1. Get to Know Each Other
Even if your class is comparatively small and you meet your peers at every class session, you might not really know them. Introduce yourself, exchange numbers and email addresses so that you can get a hold of each other while working on individual tasks. Although this step seems obvious, it is often skipped and people don’t know how to interact with each other.
2. Clarify Expectations and Roles
Every group needs a leader. Without someone to hold the group responsible for the project requirements the project will never get anywhere. If nobody steps up and take charge, you may need to take this position. Once the leader is assigned, it’s necessary to identify clear expectations for the project, delegate tasks to each individual, figure out the meeting time, and overall ensure that the quality of the project is up to standard.
3. Be Open to Different Ideas
Everyone has their strengths and weaknesses. If the project calls for creativity, don’t reproach the peer who is more prone to convergent thinking. Find a middle ground that all team members can agree upon and work from there. If you want everyone in your group to feel appreciated, the best way to do that is to openly listen to each point of view.
4. Create a Plan
It’s never a good idea to just dive into a project and expect that everyone understands what to do and when to do it. Even after you have delegated tasks to each team member, create a solid plan describing particular items assigned to every person and when those tasks should be completed. Don’t forget to schedule regular group meetings to assure everyone is moving in the same direction.
5. Communicate with each other
There are many ways to communicate and, as a team, it needs to be defined which ways work best for your specific group.
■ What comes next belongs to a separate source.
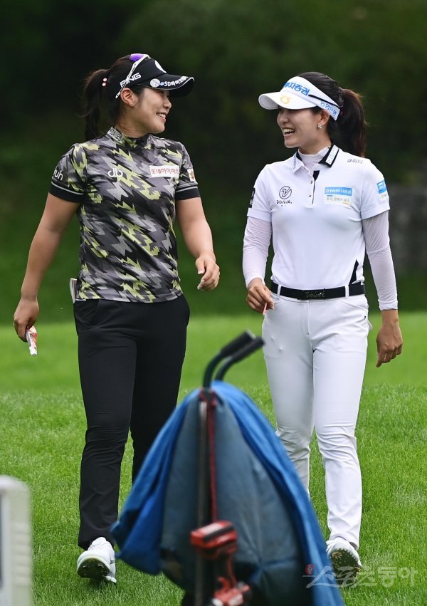 18일 경기 블랙스톤CC 이천에서 열린 KLPGA 투어 ‘KB금융 스타챔피언십’ 4라운드 10번홀에서 티샷을 준비하는 이소영과 박민지가 이야기를 하고 있다.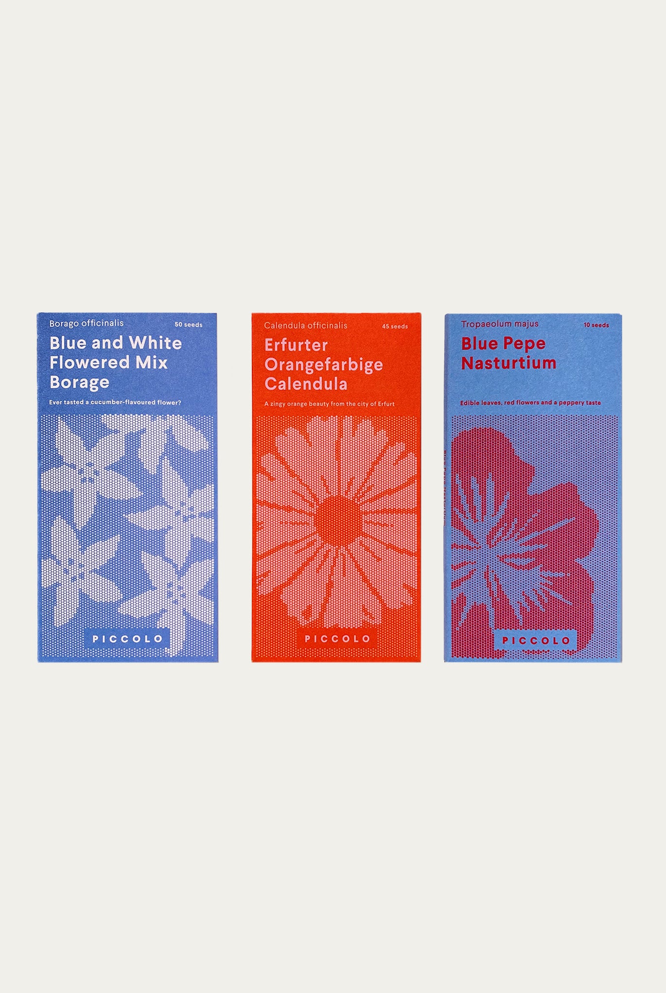 All’interno troverai tre bustine di semi per coltivare a casa la borragine a fiori blu e bianchi, la calendula Erfurter Orangefarbige e il nasturzio Blue Pepe. Perfetti per portare colore e gusto in cucina.

Emails, phone calls, Facebook groups and Tweets are all great, but it’s highly recommend to use Gmail and Google Documents to work effectively. In addition to it, there are a myriad of task management apps that can help you not only survive but conquer group projects.
6. Don’t Procrastinate
It’s also important not to put off your tasks until the last minute. You will only create excessive stress for yourself and perhaps put your team grade at risk. Tackle assignments early, giving yourself plenty of time to ask questions or make changes, if it’s necessary. If everyone stays on task, you will be more confident in your final product and might actually have fun during your presentation.
7. Stay Positive
Group projects can be stressful at times, but they are not going away anytime soon. Try to stay positive when working in your group. Your optimistic attitude will rub off on your team members, and it will help in making the atmosphere all the more auspicious, and hopefully ease any tension.